Abstract
Luminous active galactic nuclei and X-ray binaries often contain geometrically thin, radiatively cooled accretion discs. According to theory, these are - in many cases - initially highly misaligned with the black hole equator. In this work, we present the first general relativistic magnetohydrodynamic simulations of very thin (h/r ∼ 0.015-0.05) accretion discs around rapidly spinning (a ∼ 0.9) black holes and tilted by 45°-65°. We show that the inner regions of the discs with h/r ≤ 0.03 align with the black hole equator, though out to smaller radii than predicted by analytic work. The inner aligned and outer misaligned disc regions are separated by a sharp break in tilt angle accompanied by a sharp drop in density.
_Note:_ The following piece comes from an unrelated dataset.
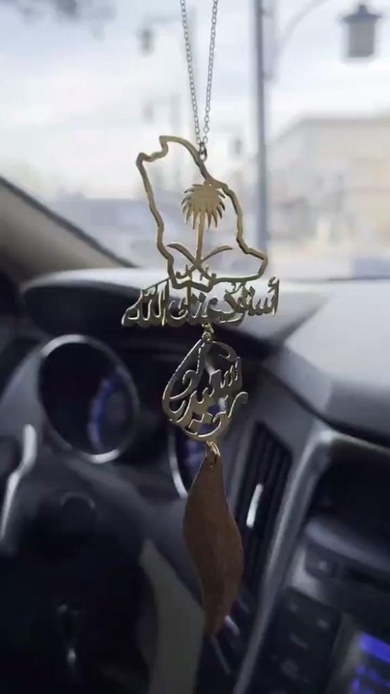 تعليقة سيارة عود بالاسم مع شكل خريطة المملكة متوفر بطلاء ذهبي أو فضي أصلي وعبارة استودعتك الله بتصميم فني. من رافال أجمل تعليقات سيارة

We find that frame dragging by the spinning black hole overpowers the disc viscosity, which is self-consistently produced by magnetized turbulence, tearing the disc apart and forming a rapidly precessing inner sub-disc surrounded by a slowly precessing outer sub-disc. We find that the system produces a pair of relativistic jets for all initial tilt values. At small distances, the black hole launched jets precess rapidly together with the inner sub-disc, whereas at large distances they partially align with the outer sub-disc and precess more slowly. If the tearing radius can be modeled accurately in future work, emission model independent measurements of black hole spin based on precession-driven quasi-periodic oscillations may become possible.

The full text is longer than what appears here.